Statoil said joint ownership for the total acreage is not affected by the split of drilling and operations responsibilities. Reuters has reported that Talisman is looking to sell its Eagle Ford acreage and raise as much as $2 billion.
Bill Maloney, head of Statoil in North America, said the company generally is shifting away from joint ventures — which it has used as a way to learn about U.S. shale development — and into operating its own assets.
The company also entered the Marcellus Shale in Pennsylvania in 2008 by buying a stake in Chesapeake Energy’s acreage, and has since purchased its own acreage to operate.
“We felt we needed to be hands on,” Maloney said. “It’s nice to watch.

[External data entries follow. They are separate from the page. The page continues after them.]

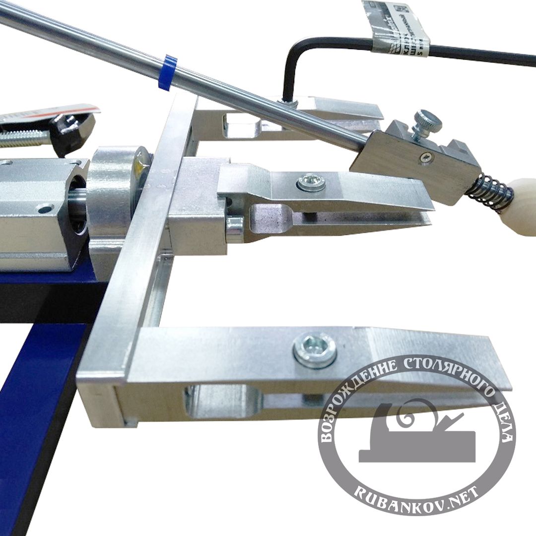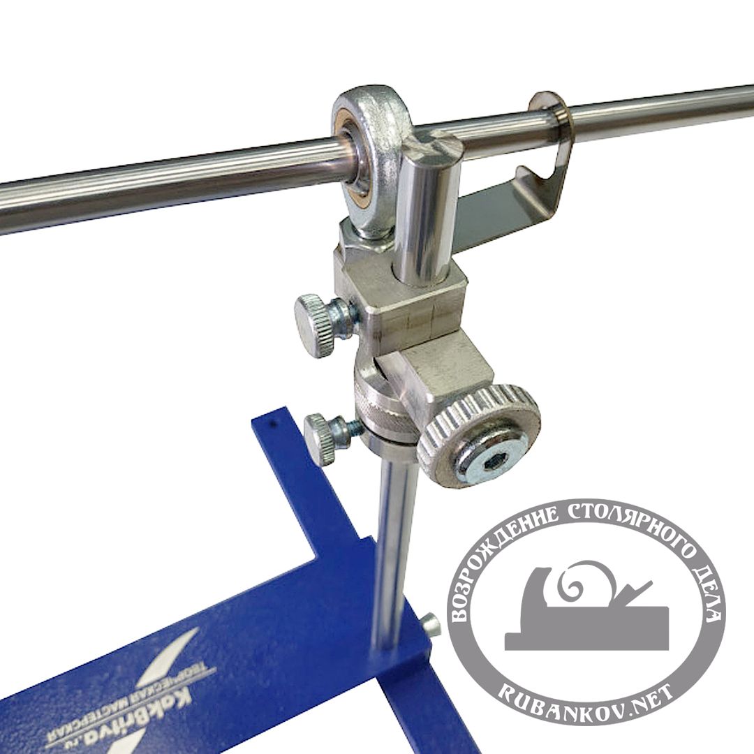 Точная настройка угла производится при помощи перемещаемой по вертикальной штанге системе с подшипником, фиксирующим горизонтальную штангу для абразивов.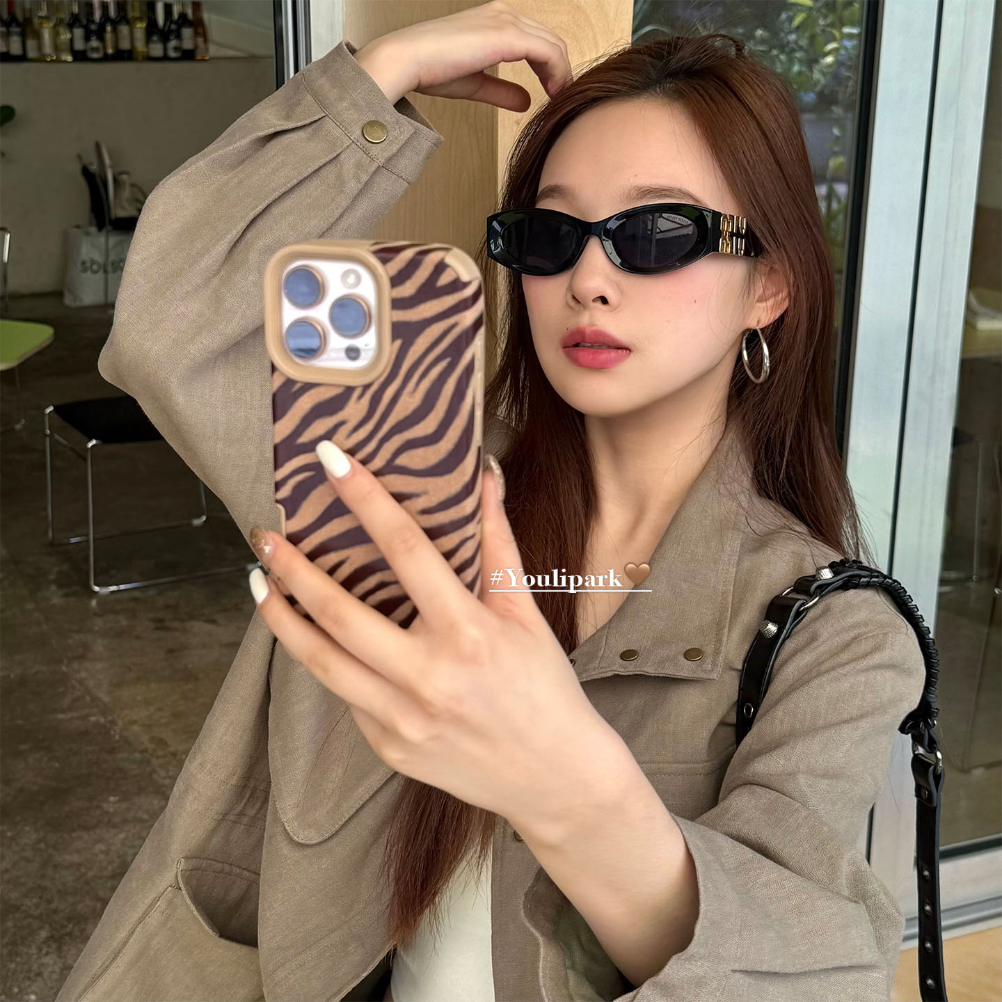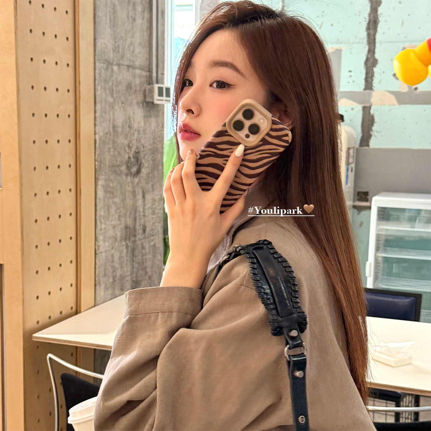 由里公园ins秋冬韩系复古栗子棕斑马纹15适用16pro苹果16ProMax手机壳iPhone16全包14新款14Promax保护套13女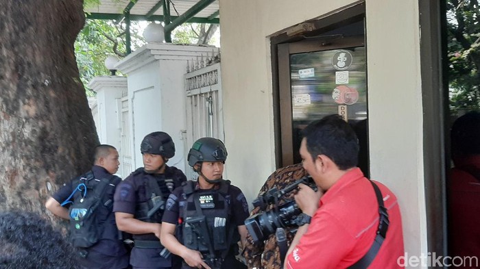 Pantauan di depan kediaman Megawati, Jalan Teuku Umur Nomor 27, Gondangdia, Jakarta Pusat, Rabu (24/7/2019) sekitar pukul 10.30 WIB, sejumlah personel kepolisian tampak berjaga. Sedangkan di depan pintu masuk, beberapa anggota Brimob bersenjata lengkap juga bersiaga.

It’s better to do.”
The company has about 52 employees and contractors in the Eagle Ford now, but expects to grow to more than 100 employees and contractors by next year.
Statoil and Talisman have been transitioning aspects of operations for the eastern acreage for several months now, with Statoil starting to run three rigs in the field in April.
Andrea Kubik, vice president for the company’s Eagle Ford asset, said the company currently is drilling in Live Oak and Karnes counties.
The drilling is focused on where the company needs to start producing to keep its acreage, a term called “held by production.” But Kubik said that going forward, most of the acreage will be held, allowing it to drill multiple wells per site, which saves time and money.
In addition to the Eagle Ford and Marcellus, Statoil is also in the Bakken Shale in North Dakota. It has operations in 35 countries and Texas offices in Houston and Austin.
Statoil holds about 73,000 net acres in the Eagle Ford, and Maloney said the company will add more land — if it can.
“If we can get good acreage at a good price, you bet,” he said. “It’s much easier said than done in all three plays we’re in. People know where the good acreage is now. The bargains are gone”
Its share of Eagle Ford production is about 20,200 barrels of oil equivalent per day from around 300 producing wells.